→ TO DO: The material below should be copied line for line, please, with pictures omitted.

→ PROVIDED MATERIAL:
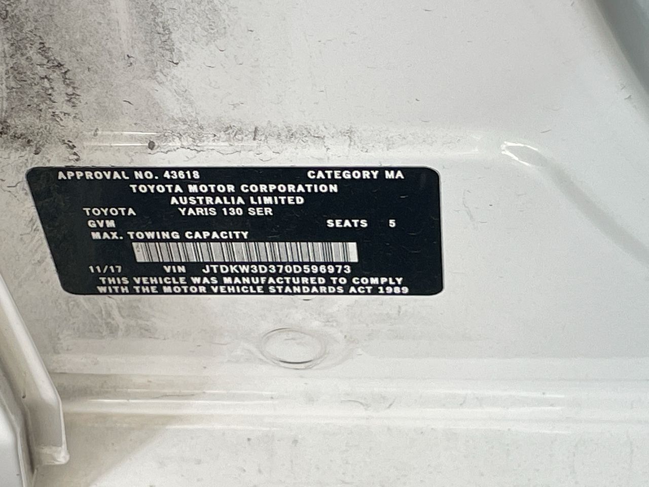 2017 Toyota Yaris Ascent NCP130R Automatic Hatchback
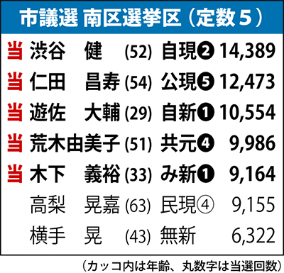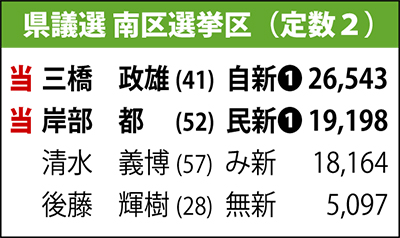 10日に投開票が行われた市議選南区選挙区(定数5)は、自民党・渋谷健氏、公明党・仁田昌寿氏の現職2氏が上位を占めた。共産党の元職・荒木由美子氏が返り咲き、自民党・遊佐大輔氏、みんなの党・木下義裕氏が初当選を決めた。民主党の現職・高梨晃嘉氏は9票差で議席を失い、無所属で民主党推薦の横手晃氏とともに民主党系候補が共倒れとなった。県議選(定数2)は自民党・三橋政雄氏、民主党・岸部都氏の2人が初当選を決めた。
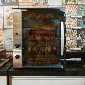 Churrasqueira a gás de bancada vertical 5 espetos stand titan Voltagem: 127v Tipo de gás: gás natural Prática, compacta e eficiente, a churrasqueira a gás de bancada vertical titan stand é ideal para quem busca churrascos saborosos sem fumaça. Possui 5 espetos rotativos 4 simples e 1 triplo , queimador infravermelho com controle individual, acendimento manual e porta frontal de vidro temperado com abertura prática. Conta ainda com estrutura resistente em aço carbono com pintura epóxi, bandeja coletora de gordura e painel curvo em inox. Perfeita para carnes, peixes e legumes, com capacidade total para até 8,5 kg. Atenção: escolha o tipo de gás correto Antes de finalizar a compra, verifique qual o tipo de gás disponível no seu imóvel: - glp gás de botijão ou cilindro : é o famoso gás de cozinha, vendido em botijões ex: p45 . Ideal para casas com abastecimento por botijão ou cilindro. - gn gás natural ou canalizado : conhecido como gás de rua, é fornecido por encanamento, comum em apartamentos e comércios. - escolher a versão errada pode causar falha na instalação e perda da . Desempenho e especificações: - queimadore infravermelhos: 2 unidades; - consumo de gás por queimador: 190 g/h; - consumo total de gás: 380 g/h; - tipo de gás: glp ou gás natural; - pressão de funcionamento: gás: glp 2,8 a 3,5 kpa gás natural 2,2 kpa; escolher no momento da compra ; - motorredutor elétrico: 12v, potência 28w; - giro do espeto: 6rpm; - consumo elétrico: 0,06 kw/h; - tensão: 127v ou 220v escolher no momento da compra ; - frequência: 60hz; - espetos suportam 1,7 kg. Design e estrutura: - estrutura externa em aço carbono com pintura epóxi em preto fosco; - painel frontal curvo em inox; - coifa interna esmaltada; - bandeja coletora de gordura em alumínio com frente de inox; - porta frontal de vidro temperado; - 05 espetos rotativos com cabo de madeira preto - sendo 04 simples e 01 triplo; - controlador de queimador individual. Medidas: - dimensões do produto axlxp : 64 x 55 x 31 cm; - dimensões da embalagem axlxp : 73 x 62 x 41 cm; - peso líquido: 20,5 kg peso bruto: 23 kg. Acessórios inclusos: - bandeja coletora de gordura com frente de inox; - 5 espetos rotativos 4 simples e 1 triplo . Informações adicionais: As entregas são feitas em horário comercial e a montagem fica por conta do comprador. As imagens são meramente ilustrativas podendo apresentar itens que não compõe o produto. As cores do produto podem variar de acordo com o monitor ou percepção visual. Marca: Não Informado
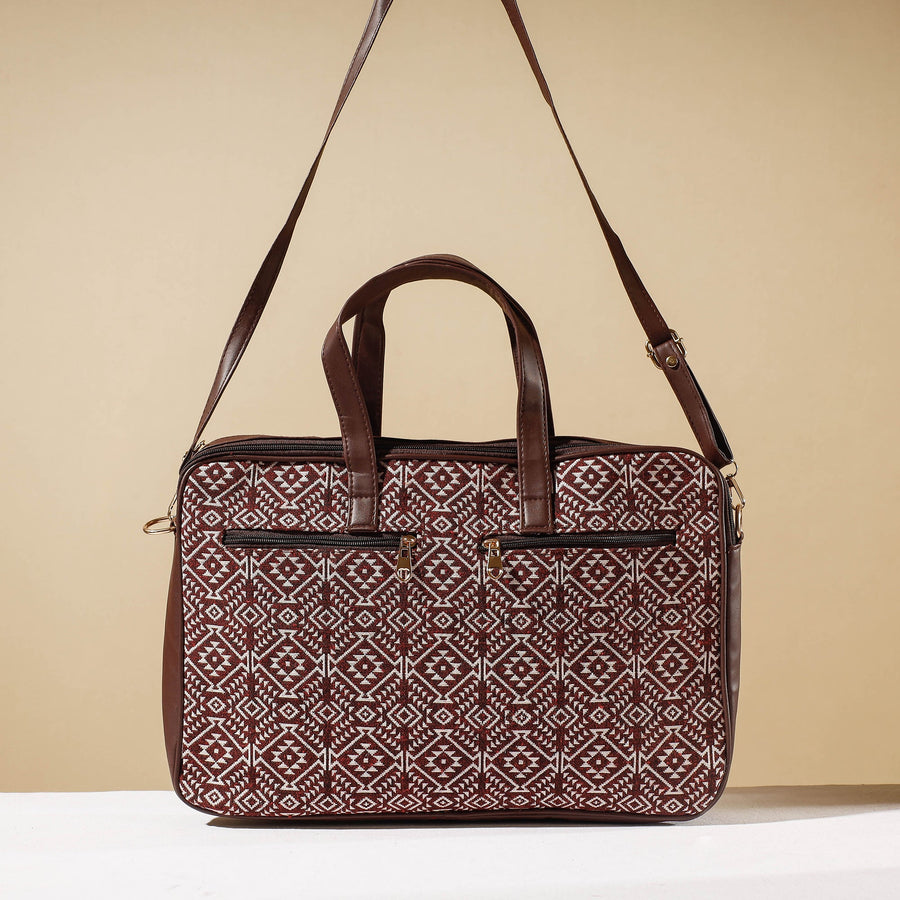 This handcrafted laptop bag is made from woven cotton fabric and rexine sourced from Marudhara, Barmer. It features a detachable and adjustable sling for comfortable carrying, as well as three exterior and one interior zipper pocket for ample storage space. Keep your laptop and other essentials organized and secure in style with this beautiful and practical bag.
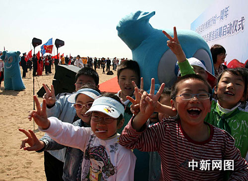 記者在現場看到,當地民眾載歌載舞,他們有的舞起長龍、有的打起腰鼓、有的更扭起歡快的秧歌,表達對2010年上海世博會的期盼心情和參與世博、奉獻世博、分享世博的美好愿望。而在世博會志愿者招募點前,報名和咨詢的人流如潮涌動,成了金山城市沙灘一道最亮的風景。
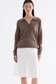 Snug enough. Made from soft and cosy knit, this sweater top features a collared V-neckline and slim fit.

→ YOUR SOLUTION:
 2017 Toyota Yaris Ascent NCP130R Automatic Hatchback
 10日に投開票が行われた市議選南区選挙区(定数5)は、自民党・渋谷健氏、公明党・仁田昌寿氏の現職2氏が上位を占めた。共産党の元職・荒木由美子氏が返り咲き、自民党・遊佐大輔氏、みんなの党・木下義裕氏が初当選を決めた。民主党の現職・高梨晃嘉氏は9票差で議席を失い、無所属で民主党推薦の横手晃氏とともに民主党系候補が共倒れとなった。県議選(定数2)は自民党・三橋政雄氏、民主党・岸部都氏の2人が初当選を決めた。
 Churrasqueira a gás de bancada vertical 5 espetos stand titan Voltagem: 127v Tipo de gás: gás natural Prática, compacta e eficiente, a churrasqueira a gás de bancada vertical titan stand é ideal para quem busca churrascos saborosos sem fumaça. Possui 5 espetos rotativos 4 simples e 1 triplo , queimador infravermelho com controle individual, acendimento manual e porta frontal de vidro temperado com abertura prática. Conta ainda com estrutura resistente em aço carbono com pintura epóxi, bandeja coletora de gordura e painel curvo em inox. Perfeita para carnes, peixes e legumes, com capacidade total para até 8,5 kg. Atenção: escolha o tipo de gás correto Antes de finalizar a compra, verifique qual o tipo de gás disponível no seu imóvel: - glp gás de botijão ou cilindro : é o famoso gás de cozinha, vendido em botijões ex: p45 . Ideal para casas com abastecimento por botijão ou cilindro. - gn gás natural ou canalizado : conhecido como gás de rua, é fornecido por encanamento, comum em apartamentos e comércios. - escolher a versão errada pode causar falha na instalação e perda da . Desempenho e especificações: - queimadore infravermelhos: 2 unidades; - consumo de gás por queimador: 190 g/h; - consumo total de gás: 380 g/h; - tipo de gás: glp ou gás natural; - pressão de funcionamento: gás: glp 2,8 a 3,5 kpa gás natural 2,2 kpa; escolher no momento da compra ; - motorredutor elétrico: 12v, potência 28w; - giro do espeto: 6rpm; - consumo elétrico: 0,06 kw/h; - tensão: 127v ou 220v escolher no momento da compra ; - frequência: 60hz; - espetos suportam 1,7 kg. Design e estrutura: - estrutura externa em aço carbono com pintura epóxi em preto fosco; - painel frontal curvo em inox; - coifa interna esmaltada; - bandeja coletora de gordura em alumínio com frente de inox; - porta frontal de vidro temperado; - 05 espetos rotativos com cabo de madeira preto - sendo 04 simples e 01 triplo; - controlador de queimador individual. Medidas: - dimensões do produto axlxp : 64 x 55 x 31 cm; - dimensões da embalagem axlxp : 73 x 62 x 41 cm; - peso líquido: 20,5 kg peso bruto: 23 kg. Acessórios inclusos: - bandeja coletora de gordura com frente de inox; - 5 espetos rotativos 4 simples e 1 triplo . Informações adicionais: As entregas são feitas em horário comercial e a montagem fica por conta do comprador. As imagens são meramente ilustrativas podendo apresentar itens que não compõe o produto. As cores do produto podem variar de acordo com o monitor ou percepção visual. Marca: Não Informado
 This handcrafted laptop bag is made from woven cotton fabric and rexine sourced from Marudhara, Barmer. It features a detachable and adjustable sling for comfortable carrying, as well as three exterior and one interior zipper pocket for ample storage space. Keep your laptop and other essentials organized and secure in style with this beautiful and practical bag.
 記者在現場看到,當地民眾載歌載舞,他們有的舞起長龍、有的打起腰鼓、有的更扭起歡快的秧歌,表達對2010年上海世博會的期盼心情和參與世博、奉獻世博、分享世博的美好愿望。而在世博會志愿者招募點前,報名和咨詢的人流如潮涌動,成了金山城市沙灘一道最亮的風景。
 Snug enough. Made from soft and cosy knit, this sweater top features a collared V-neckline and slim fit.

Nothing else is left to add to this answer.